Возражения рассудительного брата взбесили порывистого Абрама. Он раздражительно стукнул чашкой о блюдце и крикнул:
– Молчи! Ты бы, я вижу, даже не мог быть самым паршивым министром! Мы еще по чашечке выпьем?
– Ну, выпьем. Кстати, как у тебя дело с лейбензоновским маслом?
– Это дело? Это дрянь. Я на нем всего рублей двенадцать как заработал.
– Ну а что ты теперь делаешь?
– Я? Покупаю дом для одной там особы.
В этом месте Абрам Гидалевич солгал самым беззастенчивым образом – никакого дома он не покупал и никто ему не поручал этого. Просто излишек энергии и непоседливости заставил его сказать это.
– Ой, дом? Для кого?
– Ну да… Так я тебе сейчас и сказал.
– Я потому спрашиваю, – возразил, нисколько не обидевшись, Яков, – что у меня есть хороший продажный домик. Поручили продать.
– Ну?! Кто?
Яков хладнокровно пожал плечами.
– Предположим, что сам себе поручил. Какой он умный, мой брат. Ему сейчас скажи фамилию, и что, и как.
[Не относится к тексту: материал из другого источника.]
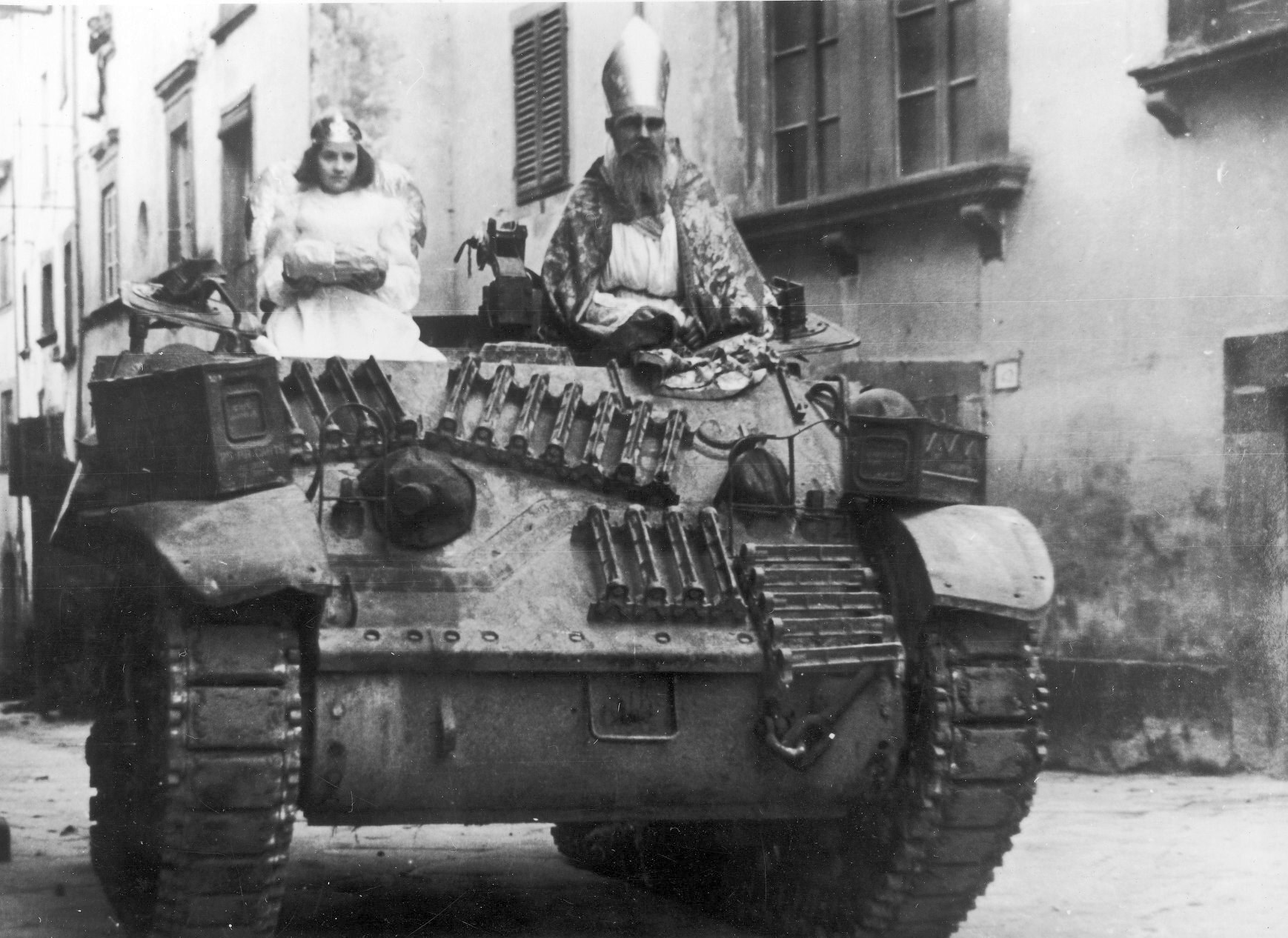 Pchor. Edward Wojczak z 6 Pułku Pancernego "Dzieci Lwowskich" jako Święty Mikołaj udaje się wraz z dziewczynką przebraną za aniołka, na czołgu M3/M5 Stuart, do dzieci w Bibbiena, 1944 r., NAC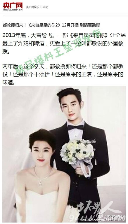 2015年来自星星的你2下个月12月要开播|具体时间 剧情更加劲爆

Солгал и Яков. Ему тоже никто не поручал продавать дом. Но сказанные им слова уже имели под собой некоторую почву. Он не бросил их на ветер так, за здорово живешь. Он рассуждал таким образом: если у Абрама есть покупатель на дом, то это, прежде всего, такой хлеб, которым нужно и следует заручиться. Можно сначала удержать около себя Абрама с его покупателем, а потом уже подыскать продажный дом.
Услышав, что у солидного, не любящего бросать слова на ветер Якова оказался продажный дом, Абрам раздул ноздри, прищелкнул под столом пальцами и тут же решил, что такого дела упускать не следует. «Если у Якова есть продажный дом, – размышлял, поглядывая на брата, Абрам, – то я сделаю самое главное: заманю его своим покупателем, чтобы он совершил продажу через меня, а потом уже можно найти покупателя. Что значит можно найти? Нужно найти! Нужно перерваться пополам, но найти. Что я за дурак, чтобы не заработать полторы-две тысячи на этом?»